I cannot be sure, of course. There is always the possibility that this document may no longer exist. In fact, in this age of total, universal electronic retrieval systems, it is highly likely that such a record would have been deemed not worthy of preservation and so consigned to the junkyard of history.
Maybe a clerk looked at it and thought: "Corporal punishment book for Lawrence Sheriff School, Rugby, Warwickshire, period 1960-65. Of little interest. Miss Pettigrew, would you kindly take this and place it in the shredder along with the rest."
Physical chastisement is once again in the news.
So, I determined to see if there was some record of my own experience of that great grammar school tradition which, to borrow from cricketing language, might be described as the time-honoured sound of the crack of bamboo on trouser worsted.
Logging into the internet, I typed in the following: Corporal punishment book, Lawrence Sheriff School, Rugby. The results, while not exactly encouraging, did throw up one or two interesting facts - among them the ironic snippet about how the school's Tudor founder was firmly against the notion of sanctioned violence inflicted on adolescent miscreants.
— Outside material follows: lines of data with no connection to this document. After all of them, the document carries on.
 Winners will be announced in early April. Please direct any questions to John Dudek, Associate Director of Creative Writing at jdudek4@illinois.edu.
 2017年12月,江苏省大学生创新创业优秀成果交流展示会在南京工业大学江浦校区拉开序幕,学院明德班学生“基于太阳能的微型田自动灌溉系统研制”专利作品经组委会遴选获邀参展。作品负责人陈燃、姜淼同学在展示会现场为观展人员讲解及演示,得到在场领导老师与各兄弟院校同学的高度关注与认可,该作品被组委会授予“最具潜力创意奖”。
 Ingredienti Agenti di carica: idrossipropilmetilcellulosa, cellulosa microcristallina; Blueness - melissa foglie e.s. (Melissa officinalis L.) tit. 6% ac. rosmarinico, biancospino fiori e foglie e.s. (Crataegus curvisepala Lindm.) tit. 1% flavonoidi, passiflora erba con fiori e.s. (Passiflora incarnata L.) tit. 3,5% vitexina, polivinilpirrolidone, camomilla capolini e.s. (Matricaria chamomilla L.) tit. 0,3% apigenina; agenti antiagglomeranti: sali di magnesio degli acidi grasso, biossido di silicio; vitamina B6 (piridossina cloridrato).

It was a long shot. As you might have guessed, the purpose of the exercise was to find my own name. The entry might well have read:
Phillpott, J F. Form 2b. Reason for punishment - torturing Webster by sellotaping his legs and then slowly removing said sticky materials, causing the hairs on aforementioned limbs to be stressed. Number of strokes: Four.
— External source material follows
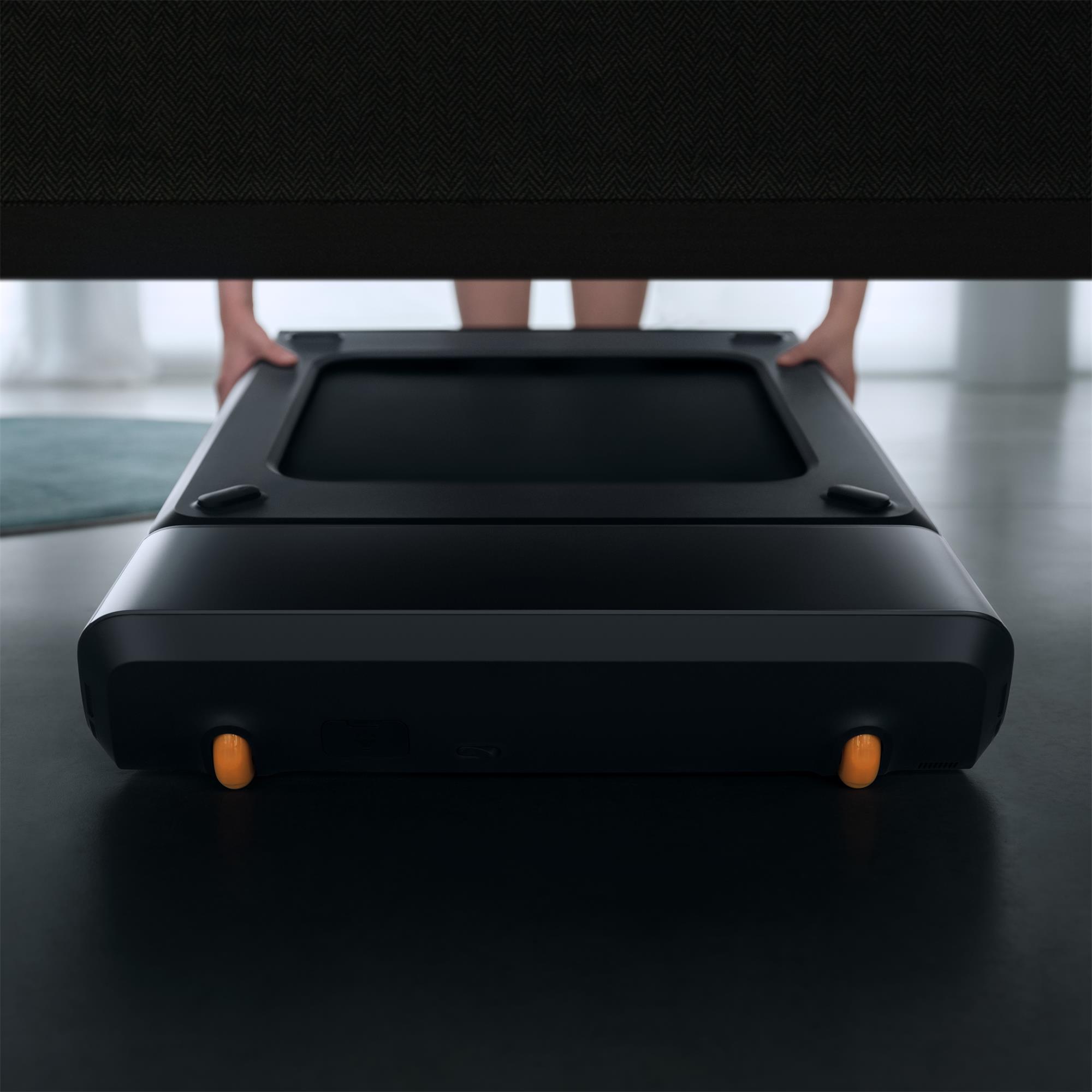 När du inte använder löpbandet kan det fällas ihop för att göra det lättare att förvara. Tjockleken på A1 pro är bara 12,9 cm! A1 pro är också utrustad med två hjul som gör det enkelt att flytta den var som helst.

This is all true. Webster was an informer and had to be dealt with. Just before I received my punishment, the headmaster asked me why I had "tortured" Webster. "Because he was a snitch, sir," I said, before standing to take my punishment like a man.
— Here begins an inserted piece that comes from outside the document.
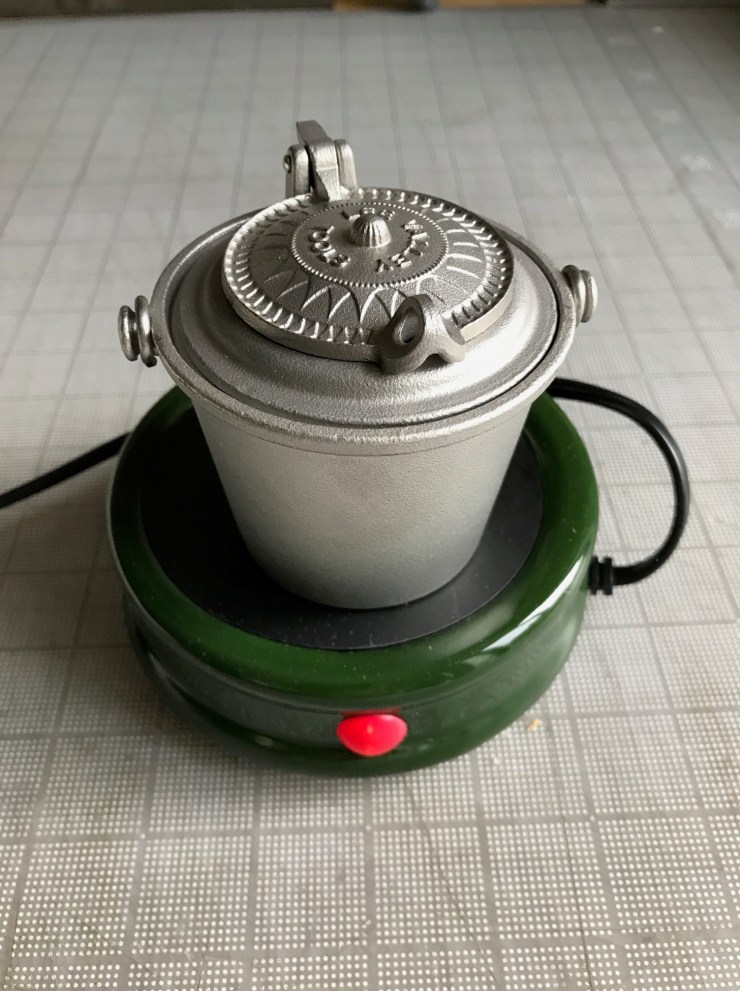 It works great with gelatin in conservation work or with hide glues for historic models. The heavy cast steel double boiler gives a very gentle and even heat. It is based on a Landers, Frary & Clark glue pot from the 1870’s. There is an image of the original, which was cast iron, in Stephen Shepherd’s hide glue book. (1)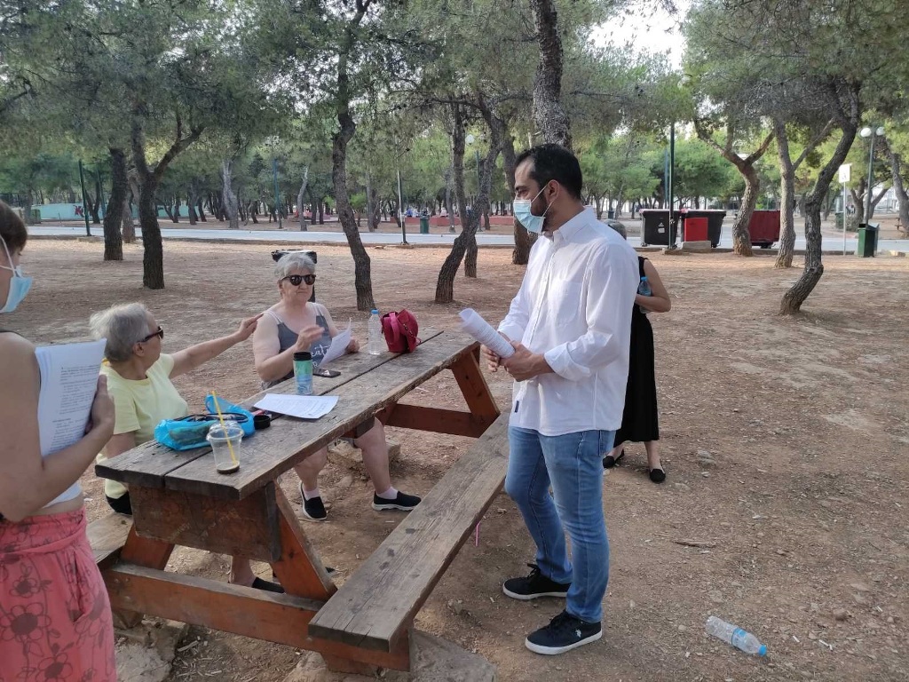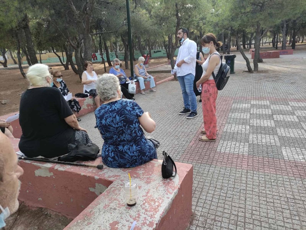 Ανακοίνωση για την πυροπροστασία και τα αντιπυρικά έργα, μοιράστηκε σε περιοδεία του επικεφαλής της Λαϊκής Συσπείρωσης και δημοτικό σύμβουλο Περιστερίου Γιώργου Σιδέρη στο Πάρκο της Νέας Ζωής.

Webster was certainly the Quisling of 2b. But yes, I had bullied him, was caught, and the result was the cane - something I deserved in all its brutal, bottom-shredding simplicity.
Now, before you go jumping to conclusions, this is not an article extolling the virtues or vices of a form of punishment that has been outlawed in Britain's state schools for more than 10 years.
It is merely Devil's advocacy. For from the comfort of "behind-sight", I can unequivocally state that in the boys' grammar school that I attended, the ultimate sanction did a fine job keeping the problem cases in line.
The reasons were simple. The cane approached your backside with the velocity of a golfer's shot aimed from the rough to the far bunker.
Upon later investigation, a purple bruise one-inch by six would be observed in the target area. That was the reality of the cane. It was to be avoided at all costs. And it scared me more than anything else on earth.
I have no evidence to prove this, but I suspect that the cane kept many a troublesome youth in line. Fear of the consequences is a powerful deterrent. But the problem is that a substantial minority of youths no longer feels that particular emotion when confronting authority.
"Long holidays" jokes apart, I feel quite sorry for teachers these days. The children start to go out of control from primary school onwards, the result of bad parenting from parents who were badly-parented themselves.
By the time many reach the secondary school, they are completely devoid of any concept of civilised behaviour. Just how do you deal with someone who is so out of control?
The Government, addicted to spin, attempts to massage the exclusion figures by discouraging such action. That means yobs stay in the school - consequently, the teachers and the other students must suffer.
Would it be better to give them a short, sharp shock and head the problem off at the pass? Maybe, but that's impossible in an age in which parents are just as likely to be as violent as their revolting offspring. European law wouldn't allow it, anyway.
The other issue that has surfaced again is that of smacking children.
Reading the views of a childless psychologist in a quality broadsheet the other day, the usual old twaddle was once again regurgitated.
You know . . . smacking is child abuse, violence breeds violence, smacking a child says more about the parent than the child and so on. I quite agree, it may well do.
But would this same writer, worn down to a pencil stub of endurance, and presented with an e-numbers-crazed child that is methodically demolishing the house at midnight, come to the conclusion that intelligent reason and debate on the matter in hand might be appropriate action?
I smacked my children on occasions. To be honest, this happened when I had run out of ideas and, in wearied desperation, sought to bring an immediate end to whatever tortures they were aiming in my direction.
I suppose in the world of the new middle-class absentee parent, that which is inhabited by five-days-a-week childminders, nannies and the like, smacking must seem a crime worse than eating your grandmother.
The irony is that these people screw their kids up far more by calculatingly, selfishly pursuing their own career at the expense of their children's sense of security.
Nevertheless, we started with corporal punishment in schools, and this is where we will finish. Suffice to say, the old ways were outlawed, but were not replaced with anything, leaving a void.
Tragically, the results are now all around us, on the streets and public places, the inevitable consequence of our liberal society's moral evasion in providing an alternative.
And I have no idea what is the answer.